Deng steered the political system away from what was essentially one-man rule. At moments he acted like a strongman, but as time passed he encouraged a consensus-driven arrangement to take shape. As a result of this and other factors, the period of his two successors, Jiang Zemin and Hu Jintao, was characterized by what many China watchers regarded as a rules-driven and meritocratic politics.

Political evolution in the second era of the People’s Republic was significant, but the real motor of change was economic. History has called Deng an economic reformer, but it was actually the Chinese people who should get most of the credit. Deng, who belonged to the first generation of Chinese Communist revolutionaries, began by pursuing orthodox policies, yet early failure to meet goals contained in the ten-year economic plan forced him to permit individual initiative.

To his credit, he began relaxing collectivist rules by allowing peasants to form “work groups” to tend designated plots. Although central policies specifically prohibited these groupings from including just one family, families started to till their own land and pragmatic local officials condoned the clear violation of the rules. The same dynamic occurred in cities. Private industry was strictly prohibited, but savvy entrepreneurs operated their businesses under the guise of state ownership, wearing the “red hat,” as lip service to official dogma was then termed. Deng’s reforms succeeded because the Chinese people ignored boundaries.

Mao’s successor did not so much debate, plan, and decree change—as he is given credit for—as get out of its way. And essentially the same thing happened in the wake of the Tiananmen tragedy, which initially appeared as if it would result in a permanent reversal of economic reform. Deng’s “Southern Tour” of early 1992, however, signaled the leadership might again back liberalization of the economy.

The Chinese people did not need an invitation to begin acting on their own. Like a “swarm of bees,” people in the city of Kunming took matters in their own hands, overnight stringing up white lights along roadsides and selling trinkets from card tables to passersby. What happened there, in the capital of Yunnan Province, took place across the country as a whole as people once again felt confident to go into business for themselves. The Chinese took responsibility for their lives, pushing the mighty state to the side. As a result, China enjoyed a half-decade boom largely because desperate peasants and frustrated bureaucrats openly made themselves into bold entrepreneurs.

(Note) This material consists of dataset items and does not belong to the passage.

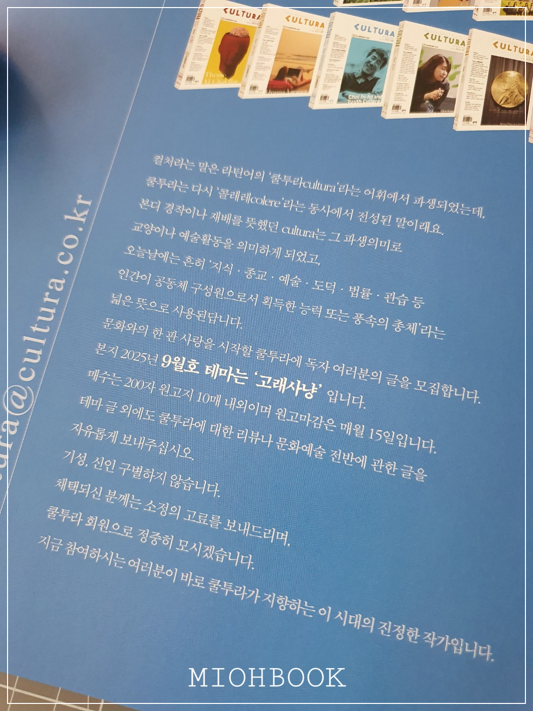월간 문화전문지 <쿨투라>는 매월 다양한 테마로 만날 수 있는 ‘월간 문화전문지’입니다.
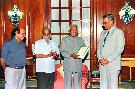 The President of India, Shri K R Narayanan receiving a copy of the Book Medieval Indian Literature an Anthology by the President Sahitya Academy, Shri Ramakanta Rath at the Committee Room of Rashtrapati Bhavan in New Delhi on July 17, 1998
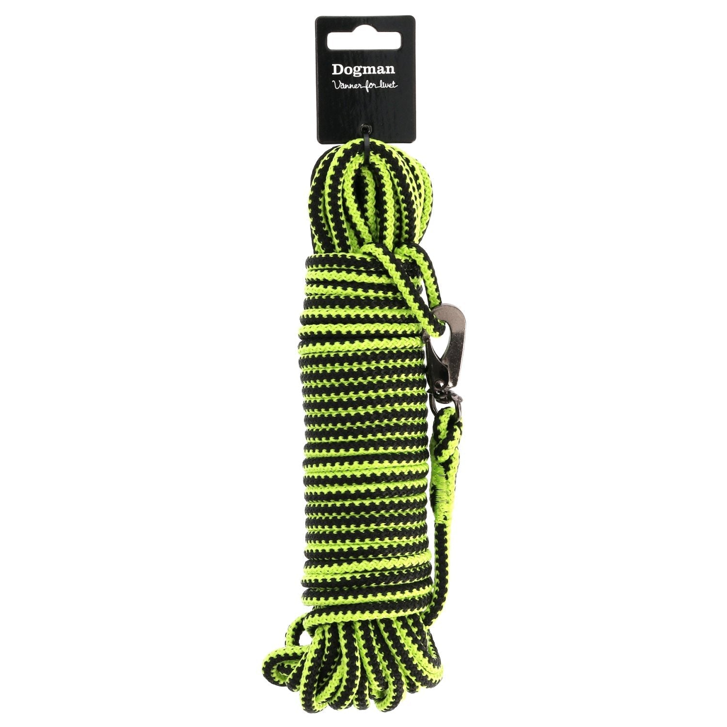 Praktisk flätad spårlina med karbinhake. Perfekt att använda vid motionsträning, spår- och inkallningsövningar av olika slag. Matchar våra selar och övriga produkter i serien Iris Storlek: 15m .
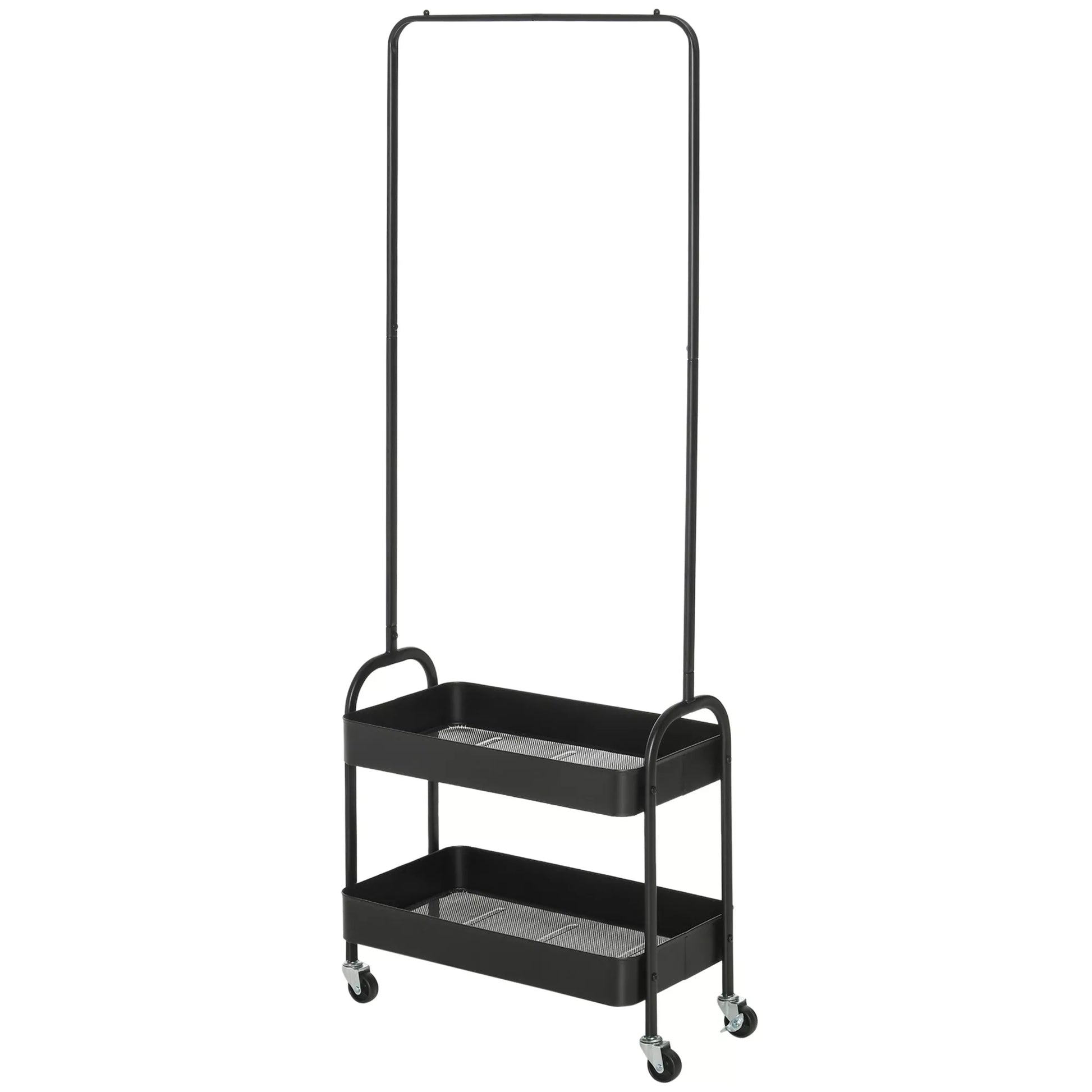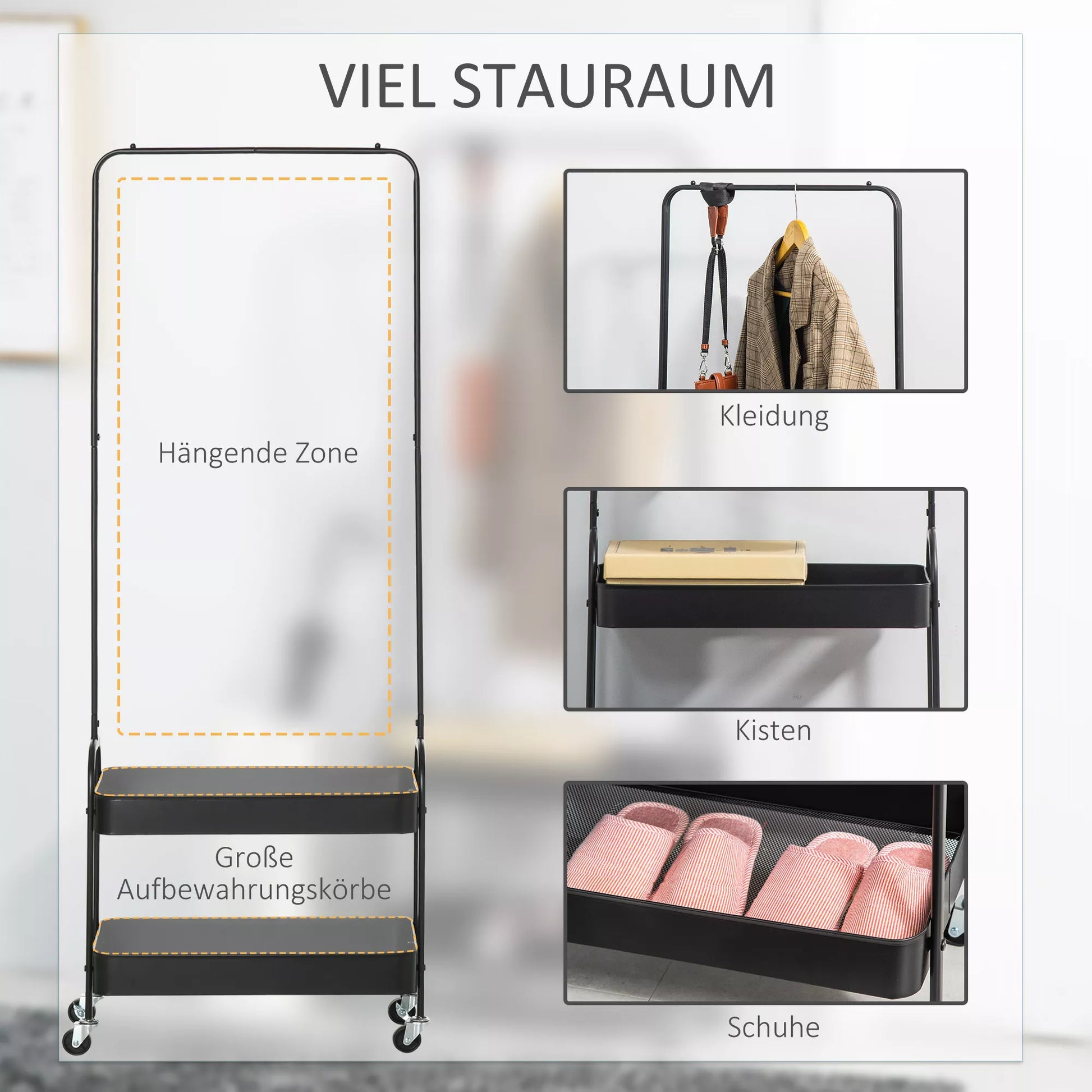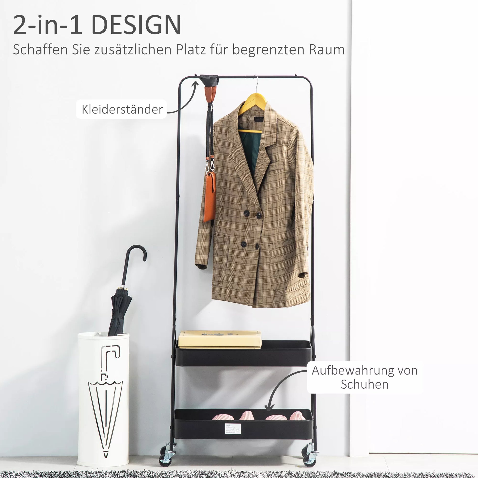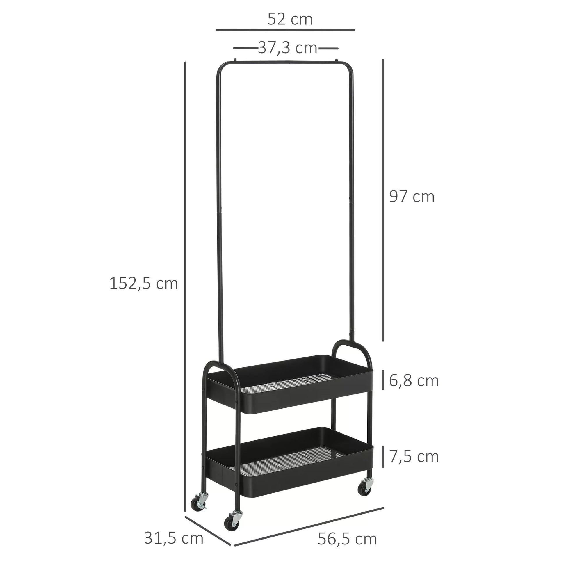Metalinė drabužių kabykla su batų lentyna, ant ratukų, pastatoma, juoda
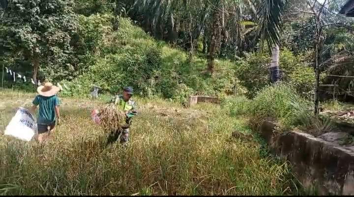 Kali ini Babinsa Koramil 05/Tamiang Hulu, Kodim 0117/Aceh Tamiang Sertu M. Wartoyo turun kesawah membantu petani melaksanakan kegiatan panen padi dilahan milik Bapak Rusdi di Desa Pantai Cempa, Kecamatan Bandar Pusaka, Kabupaten Aceh Tamiang. Selasa (11/03/2025)
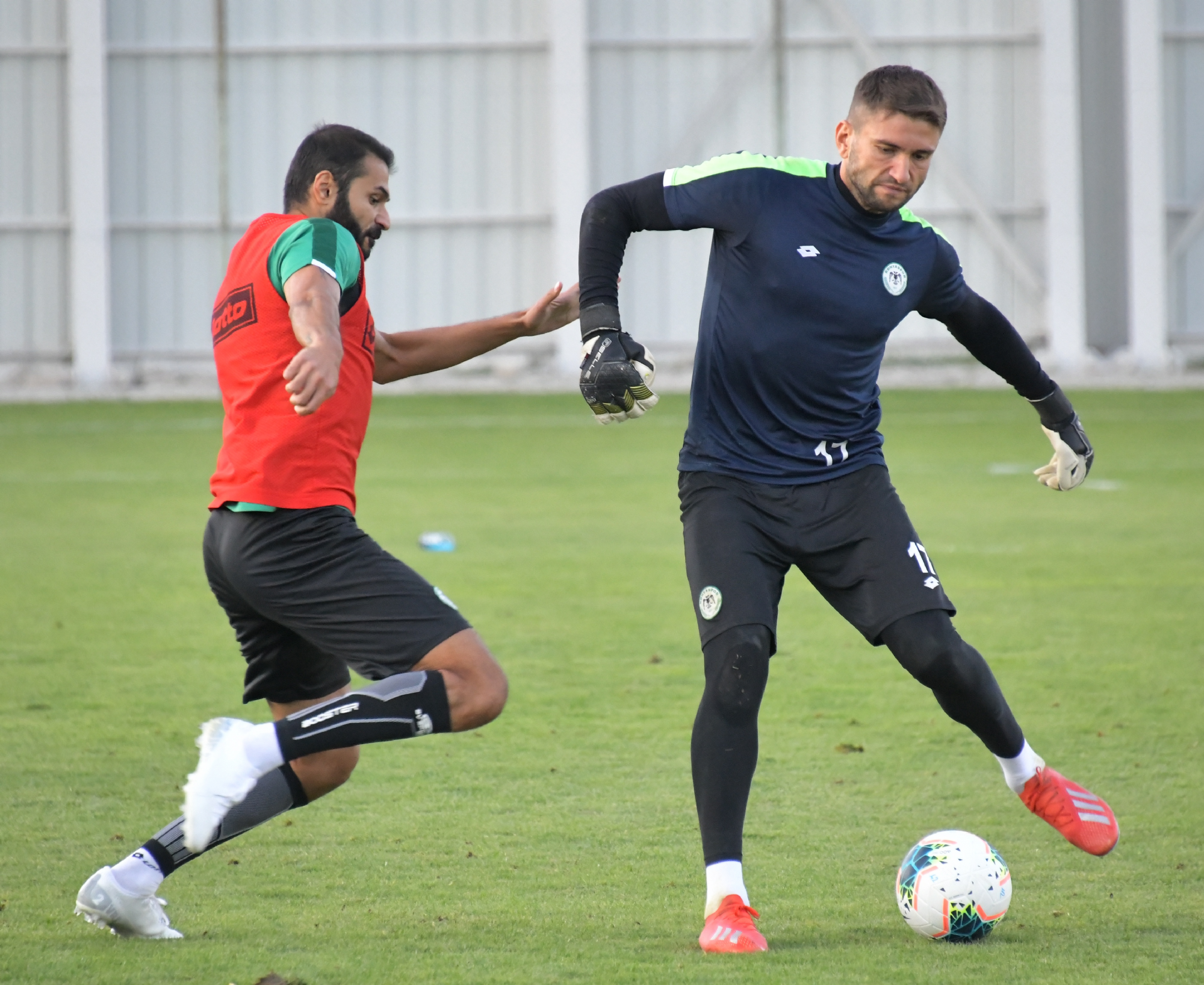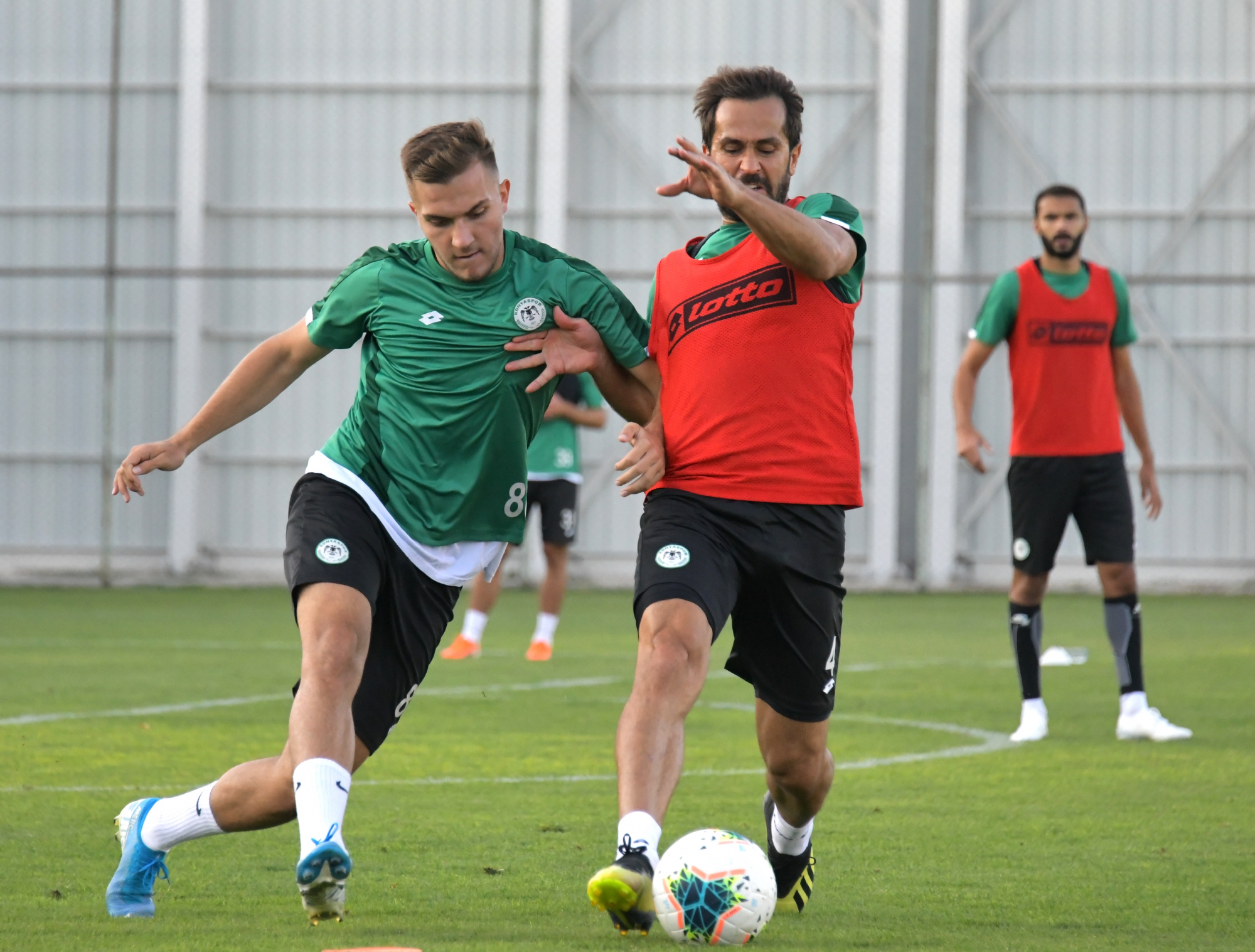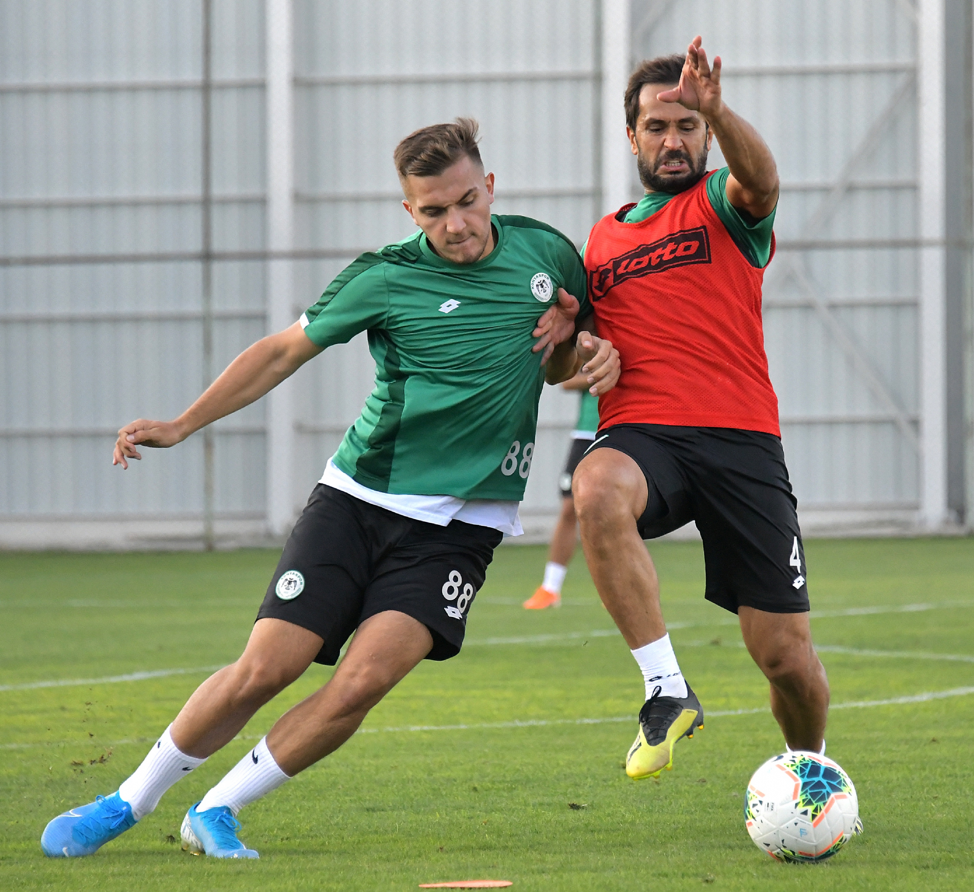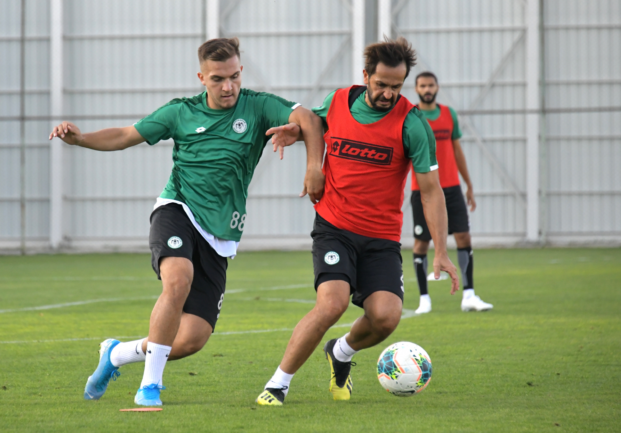 20 Eylül Cuma günü Süper Lig 2019-2020 Cemil Usta Sezonu 5.hafta açılış maçında Göztepe ile karşılaşacak Konyaspor’umuz, günü öğleden sonra yaptığı antrenmanla değerlendirdi. Teknik Direktörümüz Aykut Kocaman ve yardımcı antrenörlerimiz yönetiminde Kayacık Tesisleri’mizde yapılan antrenmana takımdan ayrı çalışan ve tedavilerine devam edilen Ali Çamdalı ile Paolo Hurtado katılmadı. Koşu ve ısınma hareketleri ile başlayan antrenman pas çalışması ile devam etti. Oyuncularımız şut ve gol çalışmasının ardından dönüşümlü olarak oynanan 5’e 5 turnuva maçları ile antrenmanı tamamladı. Antrenman maçının galibi Selim Ay’ın kaptanlığını yaptığı Yeşil Takım oldu.

When growth stalled at the end of the 1990s, Premier Zhu Rongji, the hard-nosed economic czar working under supremo Jiang Zemin, looked to the market, sponsoring China’s push to join the World Trade Organization. Accession in late 2001 allowed private investment and trade to create another spurt—this one lasting a decade—of fast-paced growth. During the first decade of this century, private enterprise accounted for more than half of the country’s gross domestic product.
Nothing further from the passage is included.